- **EXERCISE INSTRUCTIONS**:
All entries below must be retyped exactly, though pictures are to be skipped.

##############################

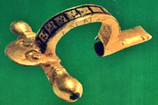 În mormântul care a scăpat în mod miraculos de jefuitori (celelalte peste 90 morminte din necropola Bărboşi fusese fie prădate, fie grav afectate de intemperiile cele 17 secole care au trecut peste ele) a fost descoperit scheletul unui bărbat a cărui vârstă a fost stabilită ca fiind de circa 30 de ani. Scheletul este bine conservat, în poziţie lungit, culcat pe spate, având craniul orientat la vest şi picioarele la est. Mâna stângă, uşor îndoită din cot, avea palma situată pe bazin, iar cea dreaptă, în unghi obtuz, avea palma aşezată pe abdomen, după ritul creştin. Capul aşezat cu faţa în sus avea privirea îndreptată către est, exact după tipicul înmormântării creştine. Inventarul funerar cuprindea piese specifice de port şi podoabă (fibulă de aur, două catarame şi o bentiţă provenind de la încălţăminte), dar şi alte materiale care aparţinuseră defunctului (pahar de sticlă, cutie metalică cu capac, cuţit de fier, căţuie dacică, opaiţ roman şi alte trei vase ceramice – amfore romane). Fără îndoială, între acestea, cea mai importantă rămâne fibula de aur cu inscripţia „INN…”(INNOCENS) ce a determinat pe autorul descoperirii să considere că ne aflăm în faţa primul mormânt creştin din secolul al III-lea de pe teritoriul românesc, însă osemintele celui botezat „Innocens” n-au fost niciodată datate prin metode ştiinţifice moderne, ci doar li s-a apreciat vechimea prin prisma dovezilor indirecte. Revoltător este că, ulterior descoperirii, scheletul a fost „conservat” cu zgură de furnal, fiind așezat pe un „pat” din acest material, fapt care i-a influențat starea inițială. I s-a spus „Innocens” („Inocentul; Nevinovatul; Cel neîntinat; Neatins de păcat; Cel sfânt”), plecând de la faptul că în mormânt a fost găsită o fibulă din aur (bijuterie folosită la prinderea mantiei) pe care erau gravate literele „INN”. Piesa, în greutate de 21 de grame, este binecunoscută în literatura de specialitate, fiind încadrată tipologic în categoria fibulelor „cu capetele în formă de bulbi de ceapă”(sau „buzdugan” (sceptru cu glob în vârf, sau cap de șoim – lovitura planetară neșteptată); sau „mugure” din care se va deschide un nou Ram al Pomului Vieții, Nașterea din Nou). Detaliul care face diferenţa între artefactul descoperit la Bărboşi şi alte piese similare identificate pe cuprinsul Daciei romane o face inscripţia numelui „INNOCENS” aflată pe cantul arcului port-agrafei. „Innocens” este probabil numele defunctului, antroponim cert de rezonanţă creştină, sau face referire la cel „crucificat” pe mica podoabă de aur. Dacă privim mai bine această fibulă vom vedea că în partea superioară aceasta are „doi ochi”, ca și prețioasele coifuri ale Frăției Getice.
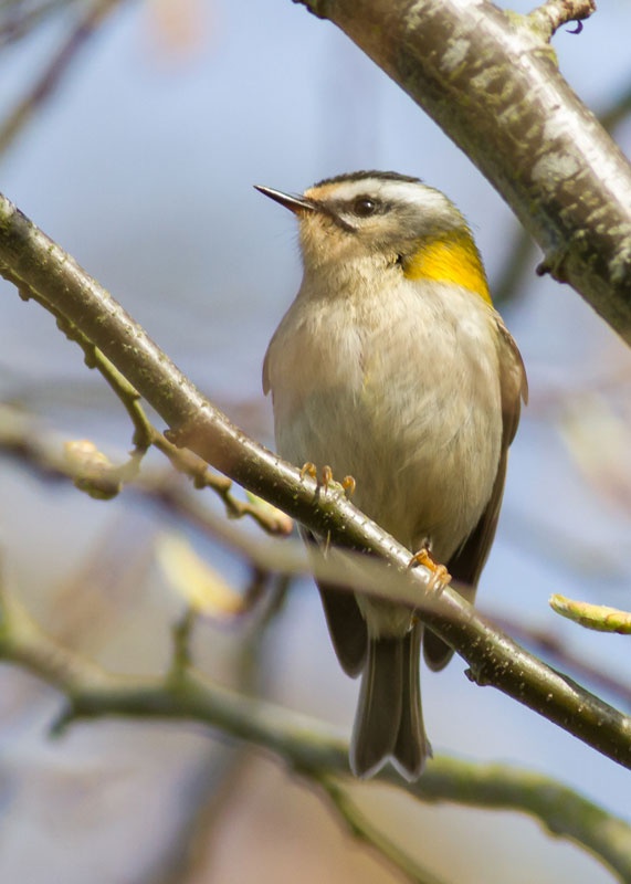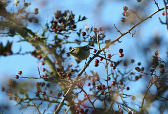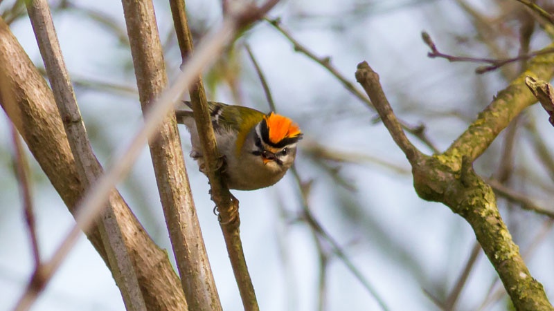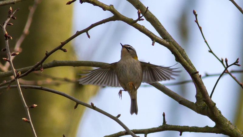 Very similar to Goldcrest (Regulus regulus) but has a broad white supercillium and dark eye-stripe. Male has orange crown stripe, female a yellow one. Both sexes have a bronze tinge to the shoulders
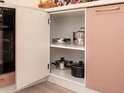 • Die Tiefe der Unterschränke beträgt 52,4 cm (mit Fronten). Eine Küchenarbeitsplatte hat standardmäßig eine Tiefe von 60 cm. Zwischen der Rückseite der Unterschränke und der Wand entsteht so ein Freiraum, wo Sie Ihre Anschlüsse führen können. Passende Seitenblenden und seitliche Sockelleisten sind erhältlich.
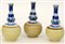 Tre piccoli vasi a bottiglia in porcellana a decoro bianco, blu e caffelatte....
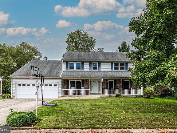 Welcome to your dream home! This 5 bedroom colonial boasts a charming full-length front porch with elegant railing, perfect for enjoying your morning coffee or evening sunsets. Step inside to discover beautiful hardwood floors gracing the living room, dining room, and dedicated office, offering a seamless flow throughout the main level. The heart of the home is the expansive kitchen, featuring pristine white shaker cabinets, stainless steel appliances, and luxurious granite countertops. A stainless steel farmhouse sink and abundant cabinetry make this space both functional and stylish. Off the kitchen, a separate office area provides the ideal workspace, while the adjoining laundry room features convenient tile flooring. Entertain effortlessly in the family room, highlighted by a vaulted ceiling and a cozy gas fireplace. The room opens to a delightful three-season room, leading out to a spacious deck that overlooks a beautifully fenced backyard, complete with a storage shed for all your outdoor needs. The formal dining room exudes sophistication with its chair rail, wainscoting, and crown molding, creating an inviting atmosphere for gatherings. A main floor powder room with charming bead board adds a touch of character. Retreat to the master suite, featuring an on suite bathroom with double sinks, a luxurious tile shower, and two generous closets. All bedrooms are equipped with ceiling fans for added comfort, and the hall bath offers both a tub and double sinks, tastefully appointed with tile. Additional features include a finished basement with two sump pumps equipped with battery backup, ensuring peace of mind. Vinyl windows throughout provide energy efficiency, and the home's prime location offers convenient access to shopping, dining, and major highways. Don't miss the opportunity to make this beautiful colonial your own—schedule a showing today!
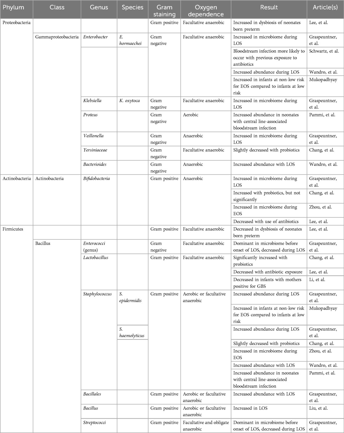 A common finding across multiple studies was a reduction in alpha diversity in neonates with sepsis (Table 1), although the specific bacteria noted to be present or absent varied by study. Lee et al. (29) reported significantly lower Shannon index values in infants born preterm with very low birth weight (VLBW) and sepsis compared to infants born preterm and term with VLBW but without sepsis from birth through 4–7 weeks of age. In contrast to infants born at term, whose microbiomes showed increased Firmicutes and Actinobacteria, healthy infants born preterm exhibited greater levels of Proteobacteria (29) (Table 2). Liu et al. (30) observed reduced alpha diversity during EOS or LOS, while Graspeuntner et al. (31) identified a predominance of Bacilli class species, including S. epidermidis and S. haemolyticus, in neonates with sepsis (Table 2). Similarly, Zhao et al. (32) found decreased diversity with a Staphylococcus aureus dominance in the nasal microbiome of infants with LOS in the week preceding bacteremia (Table 2). Wandro et al. (33) also reported a dominance of Staphylococcus in fecal samples from neonates who developed LOS (Table 2).
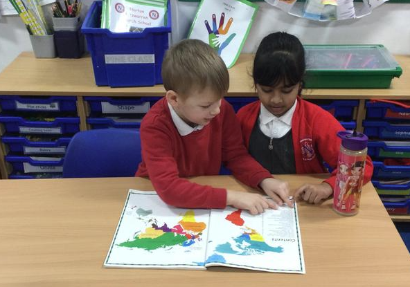 In Year 2 - the children enjoyed using an atlas to locate Norton Fitzwarren and the UK.
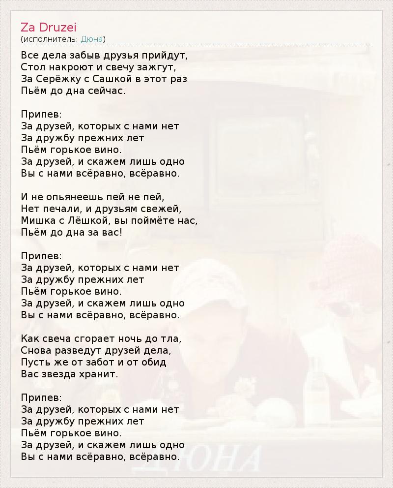 А как ты думаешь, о чем песня "Za Druzei" ?

##############################

- **SOLUTION TO THE EXERCISE**:
 În mormântul care a scăpat în mod miraculos de jefuitori (celelalte peste 90 morminte din necropola Bărboşi fusese fie prădate, fie grav afectate de intemperiile cele 17 secole care au trecut peste ele) a fost descoperit scheletul unui bărbat a cărui vârstă a fost stabilită ca fiind de circa 30 de ani. Scheletul este bine conservat, în poziţie lungit, culcat pe spate, având craniul orientat la vest şi picioarele la est. Mâna stângă, uşor îndoită din cot, avea palma situată pe bazin, iar cea dreaptă, în unghi obtuz, avea palma aşezată pe abdomen, după ritul creştin. Capul aşezat cu faţa în sus avea privirea îndreptată către est, exact după tipicul înmormântării creştine. Inventarul funerar cuprindea piese specifice de port şi podoabă (fibulă de aur, două catarame şi o bentiţă provenind de la încălţăminte), dar şi alte materiale care aparţinuseră defunctului (pahar de sticlă, cutie metalică cu capac, cuţit de fier, căţuie dacică, opaiţ roman şi alte trei vase ceramice – amfore romane). Fără îndoială, între acestea, cea mai importantă rămâne fibula de aur cu inscripţia „INN…”(INNOCENS) ce a determinat pe autorul descoperirii să considere că ne aflăm în faţa primul mormânt creştin din secolul al III-lea de pe teritoriul românesc, însă osemintele celui botezat „Innocens” n-au fost niciodată datate prin metode ştiinţifice moderne, ci doar li s-a apreciat vechimea prin prisma dovezilor indirecte. Revoltător este că, ulterior descoperirii, scheletul a fost „conservat” cu zgură de furnal, fiind așezat pe un „pat” din acest material, fapt care i-a influențat starea inițială. I s-a spus „Innocens” („Inocentul; Nevinovatul; Cel neîntinat; Neatins de păcat; Cel sfânt”), plecând de la faptul că în mormânt a fost găsită o fibulă din aur (bijuterie folosită la prinderea mantiei) pe care erau gravate literele „INN”. Piesa, în greutate de 21 de grame, este binecunoscută în literatura de specialitate, fiind încadrată tipologic în categoria fibulelor „cu capetele în formă de bulbi de ceapă”(sau „buzdugan” (sceptru cu glob în vârf, sau cap de șoim – lovitura planetară neșteptată); sau „mugure” din care se va deschide un nou Ram al Pomului Vieții, Nașterea din Nou). Detaliul care face diferenţa între artefactul descoperit la Bărboşi şi alte piese similare identificate pe cuprinsul Daciei romane o face inscripţia numelui „INNOCENS” aflată pe cantul arcului port-agrafei. „Innocens” este probabil numele defunctului, antroponim cert de rezonanţă creştină, sau face referire la cel „crucificat” pe mica podoabă de aur. Dacă privim mai bine această fibulă vom vedea că în partea superioară aceasta are „doi ochi”, ca și prețioasele coifuri ale Frăției Getice.
 Very similar to Goldcrest (Regulus regulus) but has a broad white supercillium and dark eye-stripe. Male has orange crown stripe, female a yellow one. Both sexes have a bronze tinge to the shoulders
 • Die Tiefe der Unterschränke beträgt 52,4 cm (mit Fronten). Eine Küchenarbeitsplatte hat standardmäßig eine Tiefe von 60 cm. Zwischen der Rückseite der Unterschränke und der Wand entsteht so ein Freiraum, wo Sie Ihre Anschlüsse führen können. Passende Seitenblenden und seitliche Sockelleisten sind erhältlich.
 Tre piccoli vasi a bottiglia in porcellana a decoro bianco, blu e caffelatte....
 Welcome to your dream home! This 5 bedroom colonial boasts a charming full-length front porch with elegant railing, perfect for enjoying your morning coffee or evening sunsets. Step inside to discover beautiful hardwood floors gracing the living room, dining room, and dedicated office, offering a seamless flow throughout the main level. The heart of the home is the expansive kitchen, featuring pristine white shaker cabinets, stainless steel appliances, and luxurious granite countertops. A stainless steel farmhouse sink and abundant cabinetry make this space both functional and stylish. Off the kitchen, a separate office area provides the ideal workspace, while the adjoining laundry room features convenient tile flooring. Entertain effortlessly in the family room, highlighted by a vaulted ceiling and a cozy gas fireplace. The room opens to a delightful three-season room, leading out to a spacious deck that overlooks a beautifully fenced backyard, complete with a storage shed for all your outdoor needs. The formal dining room exudes sophistication with its chair rail, wainscoting, and crown molding, creating an inviting atmosphere for gatherings. A main floor powder room with charming bead board adds a touch of character. Retreat to the master suite, featuring an on suite bathroom with double sinks, a luxurious tile shower, and two generous closets. All bedrooms are equipped with ceiling fans for added comfort, and the hall bath offers both a tub and double sinks, tastefully appointed with tile. Additional features include a finished basement with two sump pumps equipped with battery backup, ensuring peace of mind. Vinyl windows throughout provide energy efficiency, and the home's prime location offers convenient access to shopping, dining, and major highways. Don't miss the opportunity to make this beautiful colonial your own—schedule a showing today!
 A common finding across multiple studies was a reduction in alpha diversity in neonates with sepsis (Table 1), although the specific bacteria noted to be present or absent varied by study. Lee et al. (29) reported significantly lower Shannon index values in infants born preterm with very low birth weight (VLBW) and sepsis compared to infants born preterm and term with VLBW but without sepsis from birth through 4–7 weeks of age. In contrast to infants born at term, whose microbiomes showed increased Firmicutes and Actinobacteria, healthy infants born preterm exhibited greater levels of Proteobacteria (29) (Table 2). Liu et al. (30) observed reduced alpha diversity during EOS or LOS, while Graspeuntner et al. (31) identified a predominance of Bacilli class species, including S. epidermidis and S. haemolyticus, in neonates with sepsis (Table 2). Similarly, Zhao et al. (32) found decreased diversity with a Staphylococcus aureus dominance in the nasal microbiome of infants with LOS in the week preceding bacteremia (Table 2). Wandro et al. (33) also reported a dominance of Staphylococcus in fecal samples from neonates who developed LOS (Table 2).
 In Year 2 - the children enjoyed using an atlas to locate Norton Fitzwarren and the UK.
 А как ты думаешь, о чем песня "Za Druzei" ?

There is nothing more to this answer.